Task to carry out: Reproduce the records word for word, from the first line to the line containing "楊擝法在堅固抽油機(jī)井口".

Extracted material:
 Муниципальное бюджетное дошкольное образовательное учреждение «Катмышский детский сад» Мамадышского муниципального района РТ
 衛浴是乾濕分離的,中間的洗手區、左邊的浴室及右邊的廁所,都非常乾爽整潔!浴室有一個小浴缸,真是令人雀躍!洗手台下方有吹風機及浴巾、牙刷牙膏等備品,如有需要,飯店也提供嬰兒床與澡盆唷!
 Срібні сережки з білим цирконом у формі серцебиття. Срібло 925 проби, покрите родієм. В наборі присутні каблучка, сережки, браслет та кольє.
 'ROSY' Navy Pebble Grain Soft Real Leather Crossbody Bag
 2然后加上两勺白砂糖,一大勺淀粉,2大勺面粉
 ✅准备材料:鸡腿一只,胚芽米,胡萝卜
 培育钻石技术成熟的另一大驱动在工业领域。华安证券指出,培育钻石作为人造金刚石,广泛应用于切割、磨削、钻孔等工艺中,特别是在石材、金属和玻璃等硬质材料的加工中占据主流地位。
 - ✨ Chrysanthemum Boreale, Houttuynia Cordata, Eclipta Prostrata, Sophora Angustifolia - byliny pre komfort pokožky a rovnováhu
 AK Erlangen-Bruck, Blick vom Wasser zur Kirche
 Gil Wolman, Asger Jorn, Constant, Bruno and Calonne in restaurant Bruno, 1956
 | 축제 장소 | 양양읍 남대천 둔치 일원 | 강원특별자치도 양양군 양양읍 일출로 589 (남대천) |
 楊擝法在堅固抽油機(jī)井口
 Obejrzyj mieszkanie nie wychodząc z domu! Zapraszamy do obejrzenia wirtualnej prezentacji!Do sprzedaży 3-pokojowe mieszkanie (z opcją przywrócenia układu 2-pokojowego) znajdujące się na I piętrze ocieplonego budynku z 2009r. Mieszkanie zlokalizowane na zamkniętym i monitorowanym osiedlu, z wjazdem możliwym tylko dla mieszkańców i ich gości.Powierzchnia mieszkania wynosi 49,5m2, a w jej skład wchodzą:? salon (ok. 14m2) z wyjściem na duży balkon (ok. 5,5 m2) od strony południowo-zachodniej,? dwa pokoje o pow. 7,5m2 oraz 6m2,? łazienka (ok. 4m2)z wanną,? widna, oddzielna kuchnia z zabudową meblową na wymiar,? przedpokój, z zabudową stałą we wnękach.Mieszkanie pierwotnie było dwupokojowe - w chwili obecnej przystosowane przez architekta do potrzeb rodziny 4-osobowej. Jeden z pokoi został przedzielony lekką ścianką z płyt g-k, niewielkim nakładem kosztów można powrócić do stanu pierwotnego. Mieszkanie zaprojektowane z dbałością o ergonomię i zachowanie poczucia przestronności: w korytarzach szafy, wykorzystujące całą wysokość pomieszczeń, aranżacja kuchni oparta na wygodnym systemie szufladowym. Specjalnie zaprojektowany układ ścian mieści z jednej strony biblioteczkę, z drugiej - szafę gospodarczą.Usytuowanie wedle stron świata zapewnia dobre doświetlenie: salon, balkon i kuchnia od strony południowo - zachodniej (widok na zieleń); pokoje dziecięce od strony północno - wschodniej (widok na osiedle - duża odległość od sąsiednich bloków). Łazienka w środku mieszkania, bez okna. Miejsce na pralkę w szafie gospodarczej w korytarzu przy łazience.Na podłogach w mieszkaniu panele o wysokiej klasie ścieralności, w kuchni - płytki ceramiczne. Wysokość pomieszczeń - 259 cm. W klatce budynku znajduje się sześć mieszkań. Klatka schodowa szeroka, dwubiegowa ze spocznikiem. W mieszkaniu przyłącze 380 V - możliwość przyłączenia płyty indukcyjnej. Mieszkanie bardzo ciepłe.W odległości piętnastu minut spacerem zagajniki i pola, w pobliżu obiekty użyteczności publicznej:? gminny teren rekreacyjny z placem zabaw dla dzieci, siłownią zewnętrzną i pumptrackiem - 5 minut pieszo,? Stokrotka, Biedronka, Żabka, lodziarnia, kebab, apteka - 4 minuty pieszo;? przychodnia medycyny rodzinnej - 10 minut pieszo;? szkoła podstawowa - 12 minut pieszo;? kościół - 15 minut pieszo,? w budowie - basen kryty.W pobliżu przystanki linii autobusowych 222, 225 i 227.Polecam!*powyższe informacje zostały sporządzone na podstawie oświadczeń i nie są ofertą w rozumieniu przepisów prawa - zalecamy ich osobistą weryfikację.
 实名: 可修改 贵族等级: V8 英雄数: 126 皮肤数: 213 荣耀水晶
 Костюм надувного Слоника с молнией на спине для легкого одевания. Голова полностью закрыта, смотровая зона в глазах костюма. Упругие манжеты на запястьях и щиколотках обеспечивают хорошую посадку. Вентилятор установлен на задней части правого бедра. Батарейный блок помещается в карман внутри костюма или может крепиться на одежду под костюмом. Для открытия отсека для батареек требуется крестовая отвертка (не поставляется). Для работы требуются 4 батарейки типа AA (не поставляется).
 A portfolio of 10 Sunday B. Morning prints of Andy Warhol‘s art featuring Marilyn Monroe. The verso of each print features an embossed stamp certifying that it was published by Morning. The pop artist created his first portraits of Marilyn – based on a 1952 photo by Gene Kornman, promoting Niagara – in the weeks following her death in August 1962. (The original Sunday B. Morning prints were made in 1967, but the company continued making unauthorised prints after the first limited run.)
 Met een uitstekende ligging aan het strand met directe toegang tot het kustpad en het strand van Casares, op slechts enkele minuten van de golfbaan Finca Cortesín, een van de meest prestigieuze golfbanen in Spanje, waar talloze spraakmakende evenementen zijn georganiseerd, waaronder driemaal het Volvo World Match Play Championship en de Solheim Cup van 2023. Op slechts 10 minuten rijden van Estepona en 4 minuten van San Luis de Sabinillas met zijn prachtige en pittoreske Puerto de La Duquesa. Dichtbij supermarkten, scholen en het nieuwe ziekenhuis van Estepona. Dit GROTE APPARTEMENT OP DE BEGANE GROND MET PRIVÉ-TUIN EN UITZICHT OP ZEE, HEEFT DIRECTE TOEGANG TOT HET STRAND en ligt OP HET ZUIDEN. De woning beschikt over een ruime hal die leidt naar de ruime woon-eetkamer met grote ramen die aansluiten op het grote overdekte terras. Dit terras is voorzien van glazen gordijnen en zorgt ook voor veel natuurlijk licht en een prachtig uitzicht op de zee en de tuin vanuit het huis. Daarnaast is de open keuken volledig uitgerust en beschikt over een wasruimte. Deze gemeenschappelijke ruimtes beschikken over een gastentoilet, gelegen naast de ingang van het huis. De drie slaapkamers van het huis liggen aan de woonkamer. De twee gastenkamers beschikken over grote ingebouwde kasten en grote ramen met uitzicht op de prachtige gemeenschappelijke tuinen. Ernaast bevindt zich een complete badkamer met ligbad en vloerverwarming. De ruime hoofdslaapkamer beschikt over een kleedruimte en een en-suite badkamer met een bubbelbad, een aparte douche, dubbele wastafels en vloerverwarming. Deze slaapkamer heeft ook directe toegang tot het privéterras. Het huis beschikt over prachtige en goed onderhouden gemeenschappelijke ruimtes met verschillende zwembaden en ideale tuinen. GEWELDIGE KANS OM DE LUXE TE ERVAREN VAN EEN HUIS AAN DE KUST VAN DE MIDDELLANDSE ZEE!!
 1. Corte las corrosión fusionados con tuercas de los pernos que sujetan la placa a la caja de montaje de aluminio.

Answer for the task:
 Муниципальное бюджетное дошкольное образовательное учреждение «Катмышский детский сад» Мамадышского муниципального района РТ
 衛浴是乾濕分離的,中間的洗手區、左邊的浴室及右邊的廁所,都非常乾爽整潔!浴室有一個小浴缸,真是令人雀躍!洗手台下方有吹風機及浴巾、牙刷牙膏等備品,如有需要,飯店也提供嬰兒床與澡盆唷!
 Срібні сережки з білим цирконом у формі серцебиття. Срібло 925 проби, покрите родієм. В наборі присутні каблучка, сережки, браслет та кольє.
 'ROSY' Navy Pebble Grain Soft Real Leather Crossbody Bag
 2然后加上两勺白砂糖,一大勺淀粉,2大勺面粉
 ✅准备材料:鸡腿一只,胚芽米,胡萝卜
 培育钻石技术成熟的另一大驱动在工业领域。华安证券指出,培育钻石作为人造金刚石,广泛应用于切割、磨削、钻孔等工艺中,特别是在石材、金属和玻璃等硬质材料的加工中占据主流地位。
 - ✨ Chrysanthemum Boreale, Houttuynia Cordata, Eclipta Prostrata, Sophora Angustifolia - byliny pre komfort pokožky a rovnováhu
 AK Erlangen-Bruck, Blick vom Wasser zur Kirche
 Gil Wolman, Asger Jorn, Constant, Bruno and Calonne in restaurant Bruno, 1956
 | 축제 장소 | 양양읍 남대천 둔치 일원 | 강원특별자치도 양양군 양양읍 일출로 589 (남대천) |
 楊擝法在堅固抽油機(jī)井口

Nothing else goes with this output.